If he had Mydei and lost him, had to kill him over and over knowing the feel of his lips, the taste of him on his tongue, the ardour shared equally between them—he would have lost his mind even sooner, knowing he would never have it again.

At least this way, the way they were, he had made a habit of keeping that love alive himself. He didn’t need anyone else to water it, nurture it. Only him, even when the ever growing flames charred everything else beyond recognition. He protected this feeling with all of his might and it persisted.

His hands dragged from Mydei’s wrists, up, so that his palms cradled the backs of his hands and he didn’t need to say anything more. You have me now, as I have you now. For however long now lasts.

A deep inhale and then…

Phainon…” The soft press of lips against his forehead. “You did well.”

The last of his dignity slipped away like water through his fingers and he choked on a wet sob as the tears fell anew. Mydei did with words what four million and one cycles of torment could not. Phainon broke apart, but with love and not anguish.

Each heaving breath shuddered through him and Mydei couldn’t wipe the tears away quick enough. But he cried and kisses fell upon his cheeks like gentle rain to take them away.

“Break if you must.
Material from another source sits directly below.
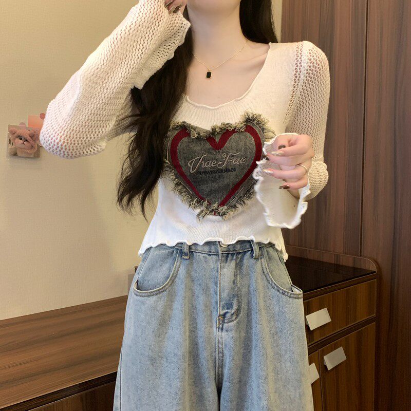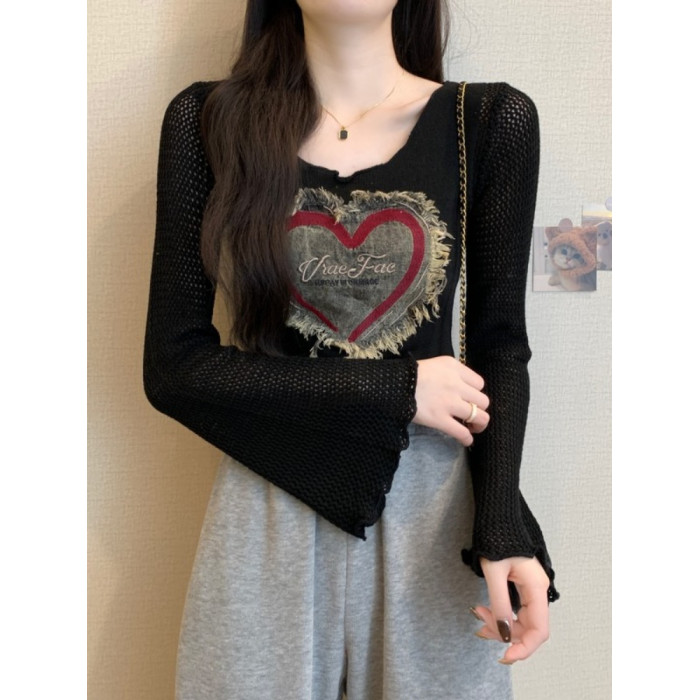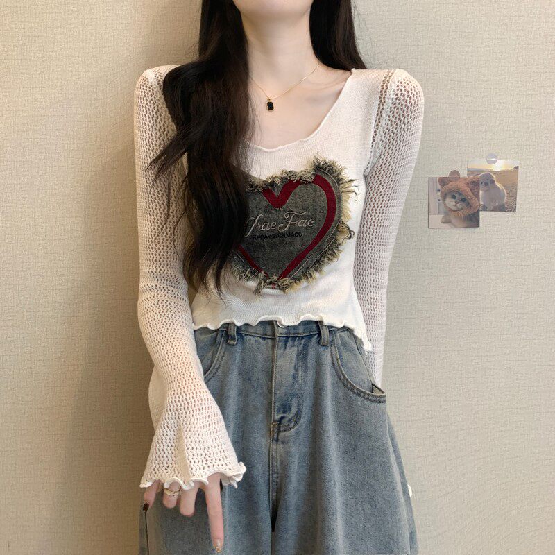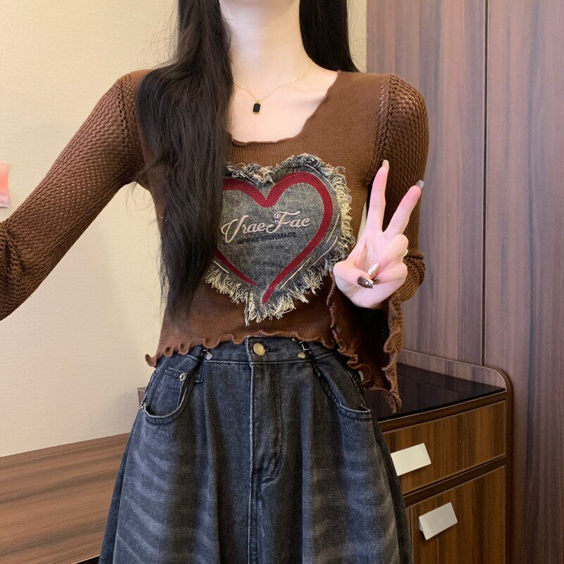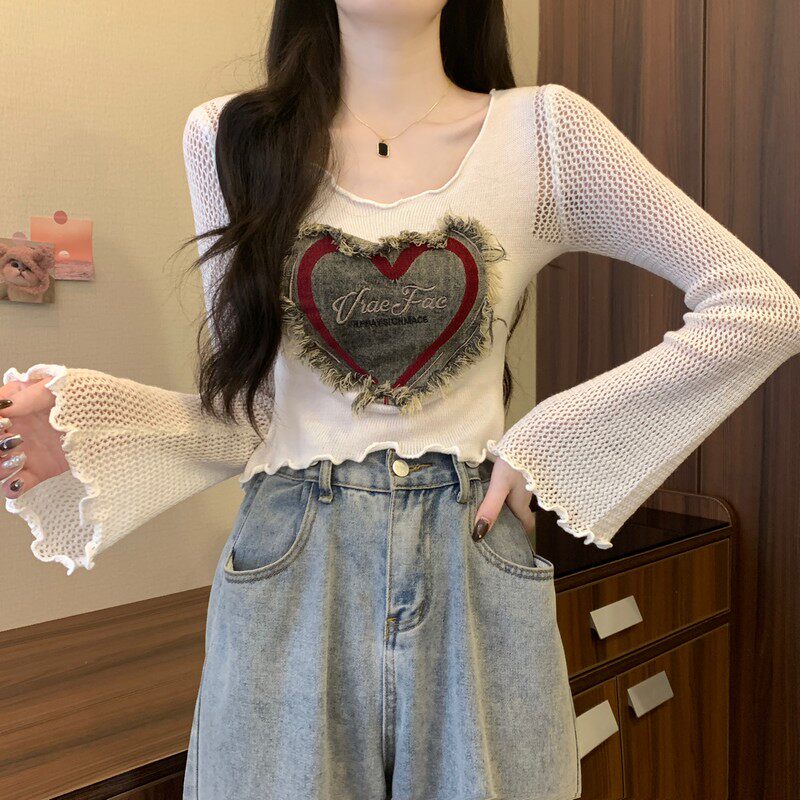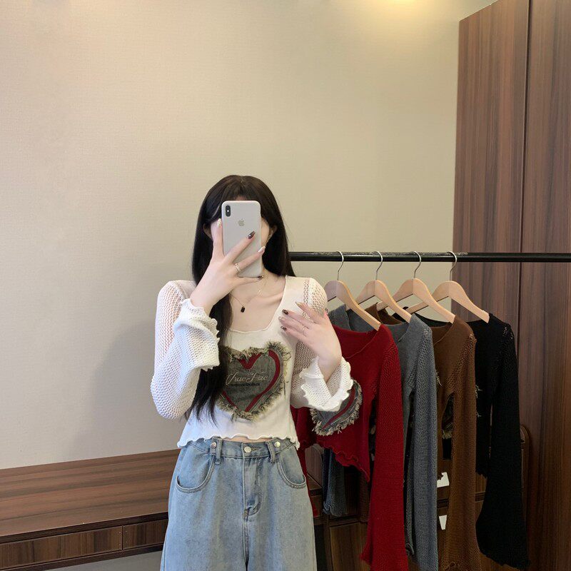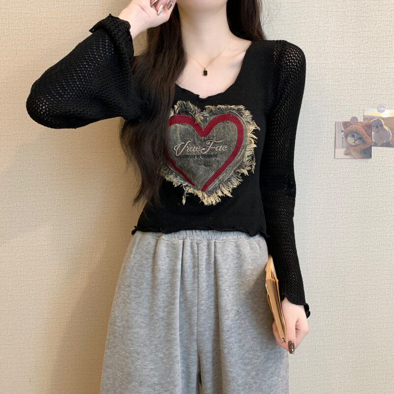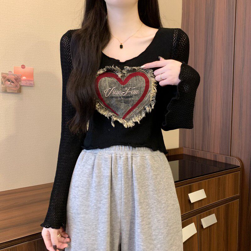 安哥拉紅V領針織打底衫女秋冬露膚穿搭短款喇叭長袖大郎毛衣上衣

Later, we can put the pieces back together.”

The sound that tore from him was hardly human but it was the least monstrous Phainon had felt since he first abandoned the name Phainon. Mydei only smiled into every kiss lingering on his skin.

“You fought your hardest. It’s time for you to rest now.”

Strong arms gathered him up, wrapping him in gentle warmth, and Mydei laid them side by side. Mydei’s hands cradled his head and tucked him close but Phainon could only wail into him and clutch at his back in a plea to not let go. Never again. If the day came, then he would shatter completely.

“I love you,” Mydei said in words, in hands brushing through hair, in lips against everywhere touched by salt and fire. “Phainon, you delivered hope to Amphoreus.”

As he sobbed with the pain of four million and one cycles, Mydei held him close. He finally finally splintered apart and Mydei gathered all the pieces in his arms no matter how fragile and dangerous, and rebuilt him from the remains Phainon had been content to scatter as nothing more than ash in the wind.

In the wheat fields of home, he remembered how it felt to be human in tears that no longer turned to steam off his skin. But were tenderly wiped away by his Mydei’s hands out of love for his Phainon.

Notes:

Could’ve gotten E2S1 Phainon but lost two 50/50s on the character banner at soft pity… Phainon you’re so lucky I love you enough to write you a comfort fic because you don’t deserve it (I’m lying you do you do you silly boy you deserve everything).

Anyway, Hoyo proved to me they can make an amazing lads style hsr otome game with that Phainon promo video. And now I have to live with the fact I’ll never have it (I know Tears of Themis exists but I couldn’t get into it and also that’s completely different).